* **What you will do**
Below this line is a set of entries; quote exactly the lines from the line that contains "Home>NHL>Washington Capitals>Jakub Vrana>Women's" to the line that contains "Kuzey Kore ordusundaki", both lines included.

* **Information provided**
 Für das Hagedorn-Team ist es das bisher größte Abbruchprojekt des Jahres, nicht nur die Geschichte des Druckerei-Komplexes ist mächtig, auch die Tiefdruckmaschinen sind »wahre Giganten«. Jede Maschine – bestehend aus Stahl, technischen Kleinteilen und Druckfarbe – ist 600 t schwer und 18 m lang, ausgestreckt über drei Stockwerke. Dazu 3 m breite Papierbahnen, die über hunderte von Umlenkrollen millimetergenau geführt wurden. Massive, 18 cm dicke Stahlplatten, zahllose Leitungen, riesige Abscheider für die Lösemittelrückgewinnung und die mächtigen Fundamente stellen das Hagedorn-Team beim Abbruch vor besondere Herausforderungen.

==

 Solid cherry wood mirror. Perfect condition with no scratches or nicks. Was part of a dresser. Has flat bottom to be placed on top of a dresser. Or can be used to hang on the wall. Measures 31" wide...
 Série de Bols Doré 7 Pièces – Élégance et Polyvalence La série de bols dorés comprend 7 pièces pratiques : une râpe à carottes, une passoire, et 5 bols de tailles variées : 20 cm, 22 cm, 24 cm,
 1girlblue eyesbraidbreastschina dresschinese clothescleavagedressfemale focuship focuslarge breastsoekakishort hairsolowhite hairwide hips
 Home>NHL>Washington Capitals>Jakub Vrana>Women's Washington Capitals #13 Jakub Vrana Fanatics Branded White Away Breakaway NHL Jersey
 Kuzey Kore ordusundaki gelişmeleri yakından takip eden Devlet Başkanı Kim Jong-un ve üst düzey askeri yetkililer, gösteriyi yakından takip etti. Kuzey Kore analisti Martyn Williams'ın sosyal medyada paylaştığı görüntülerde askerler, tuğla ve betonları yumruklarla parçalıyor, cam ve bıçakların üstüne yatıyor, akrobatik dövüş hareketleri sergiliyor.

* **Written solution**
 Home>NHL>Washington Capitals>Jakub Vrana>Women's Washington Capitals #13 Jakub Vrana Fanatics Branded White Away Breakaway NHL Jersey
 Kuzey Kore ordusundaki gelişmeleri yakından takip eden Devlet Başkanı Kim Jong-un ve üst düzey askeri yetkililer, gösteriyi yakından takip etti. Kuzey Kore analisti Martyn Williams'ın sosyal medyada paylaştığı görüntülerde askerler, tuğla ve betonları yumruklarla parçalıyor, cam ve bıçakların üstüne yatıyor, akrobatik dövüş hareketleri sergiliyor.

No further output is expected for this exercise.